TASK INSTRUCTIONS: From the data below, return only the lines from the one with "Quelques courageux se" through the one with "Denne støpejernsgryten fra", exact and inclusive, with pictures left out.

THE RECORDS:
========
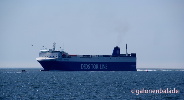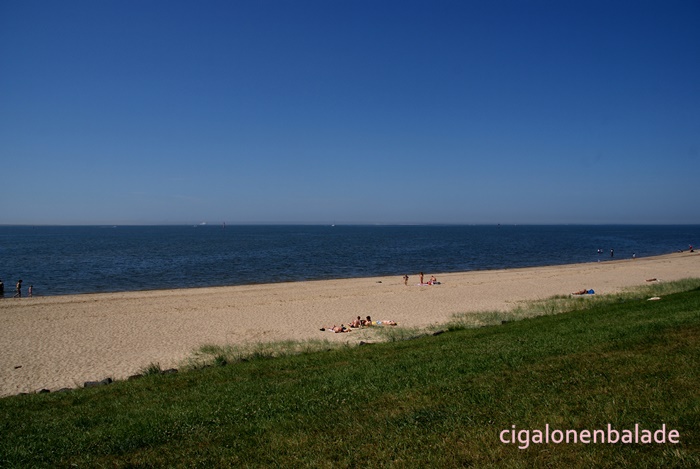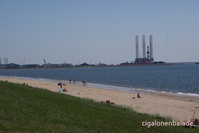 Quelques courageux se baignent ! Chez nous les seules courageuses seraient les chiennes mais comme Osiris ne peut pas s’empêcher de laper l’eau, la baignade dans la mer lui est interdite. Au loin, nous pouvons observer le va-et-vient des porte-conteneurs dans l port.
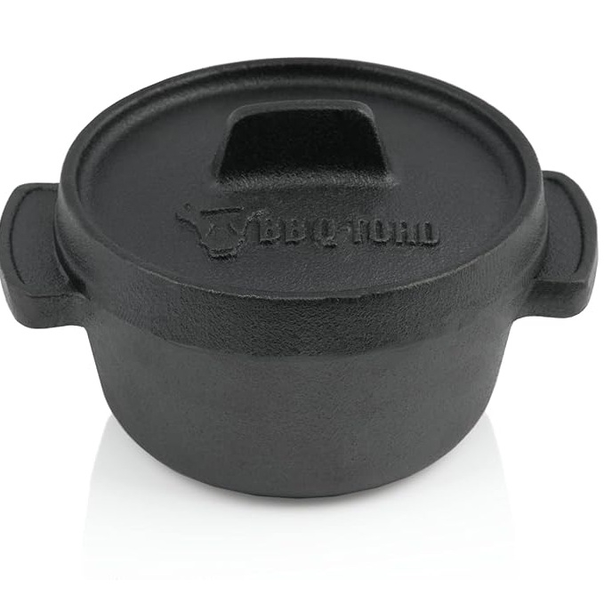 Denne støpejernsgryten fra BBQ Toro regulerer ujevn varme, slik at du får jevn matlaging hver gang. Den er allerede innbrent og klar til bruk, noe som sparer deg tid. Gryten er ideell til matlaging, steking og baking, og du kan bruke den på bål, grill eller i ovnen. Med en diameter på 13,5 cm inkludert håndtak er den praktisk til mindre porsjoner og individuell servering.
========
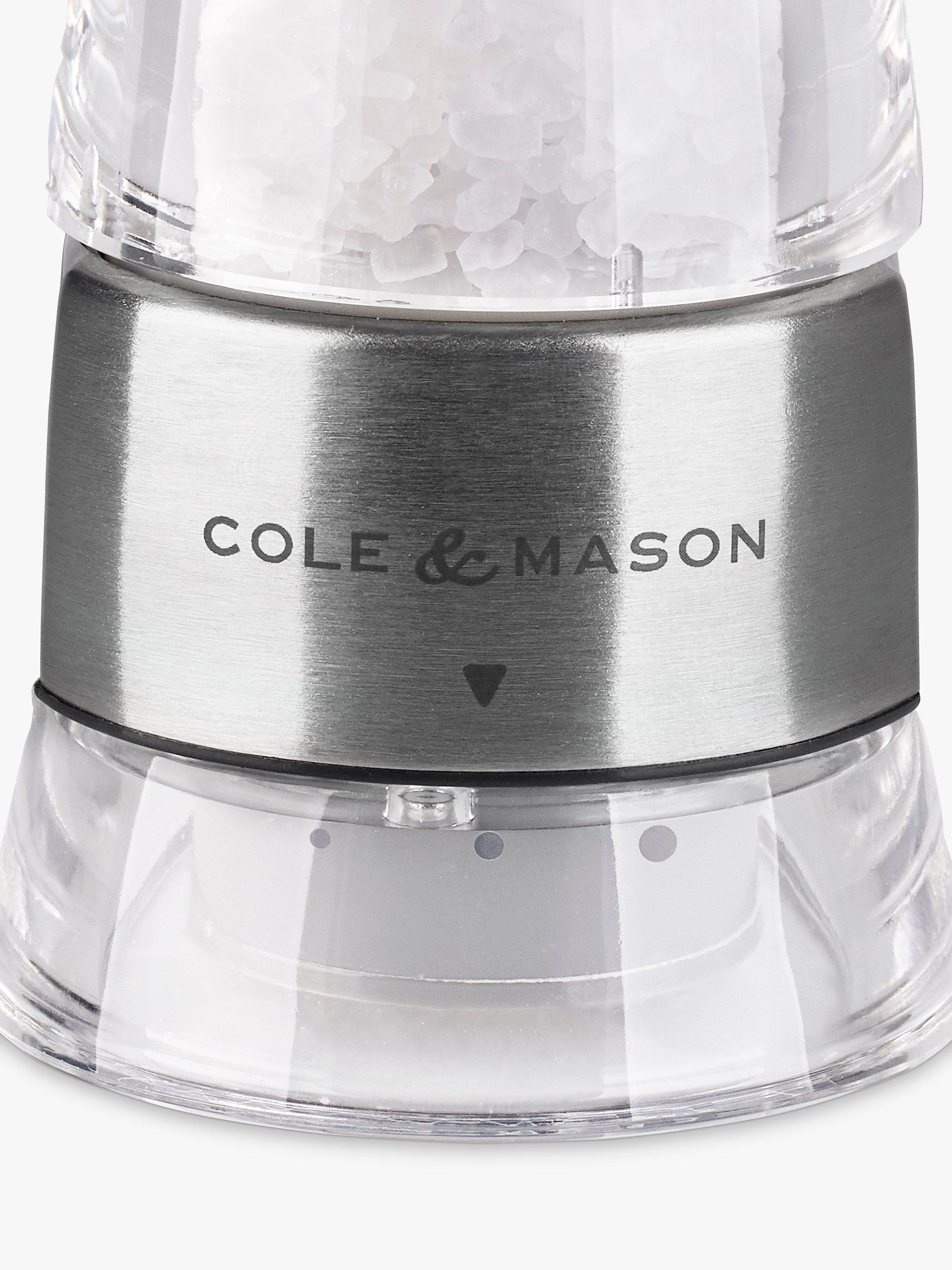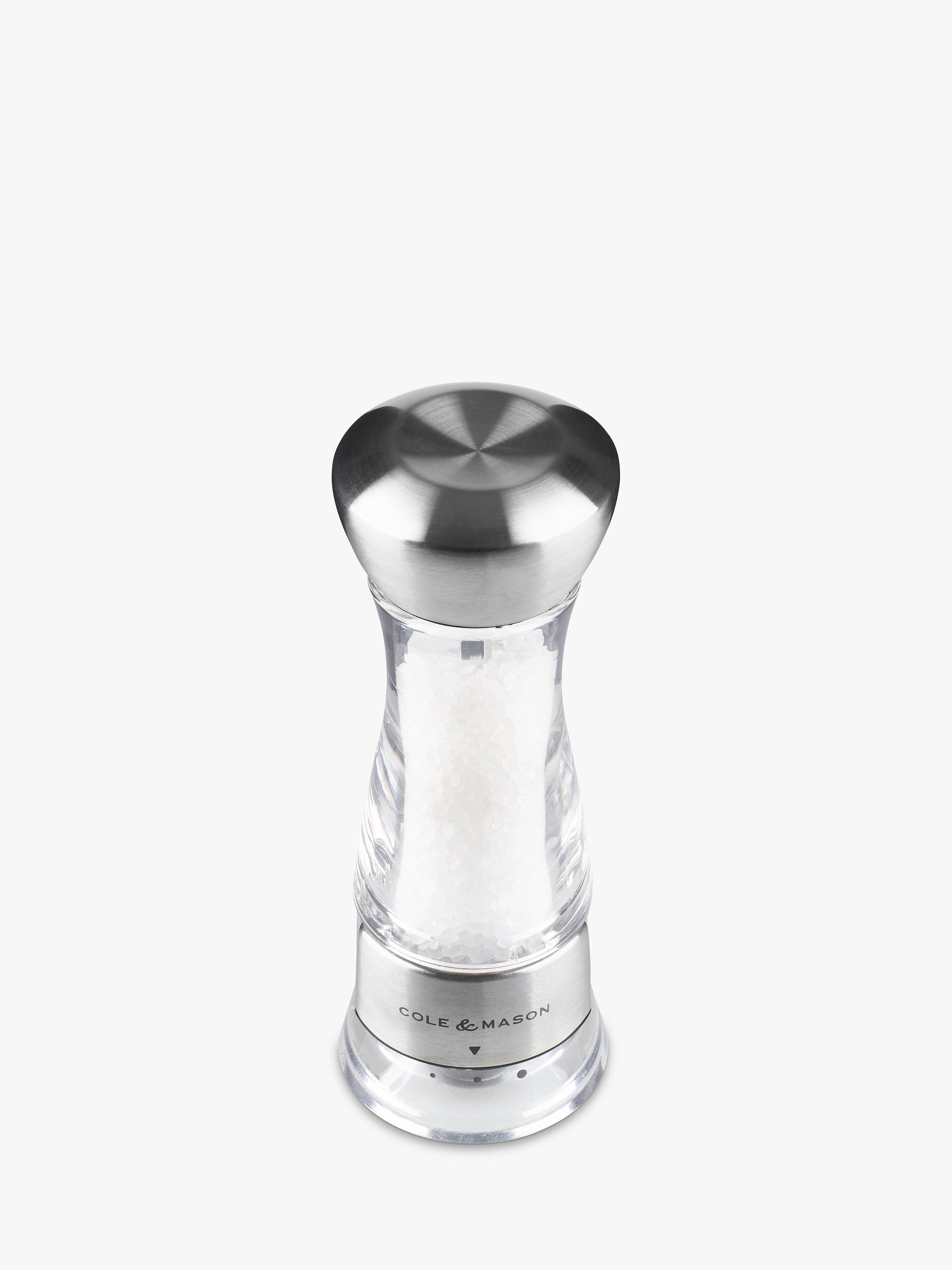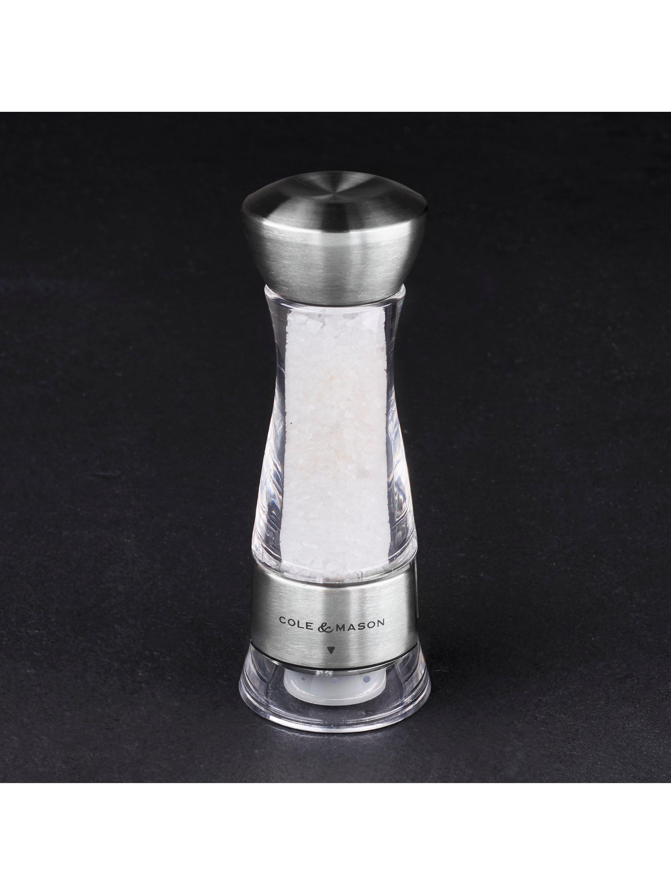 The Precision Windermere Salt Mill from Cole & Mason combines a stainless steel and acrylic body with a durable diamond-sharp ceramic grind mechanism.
========
SOLUTION:
 Quelques courageux se baignent ! Chez nous les seules courageuses seraient les chiennes mais comme Osiris ne peut pas s’empêcher de laper l’eau, la baignade dans la mer lui est interdite. Au loin, nous pouvons observer le va-et-vient des porte-conteneurs dans l port.
 Denne støpejernsgryten fra BBQ Toro regulerer ujevn varme, slik at du får jevn matlaging hver gang. Den er allerede innbrent og klar til bruk, noe som sparer deg tid. Gryten er ideell til matlaging, steking og baking, og du kan bruke den på bål, grill eller i ovnen. Med en diameter på 13,5 cm inkludert håndtak er den praktisk til mindre porsjoner og individuell servering.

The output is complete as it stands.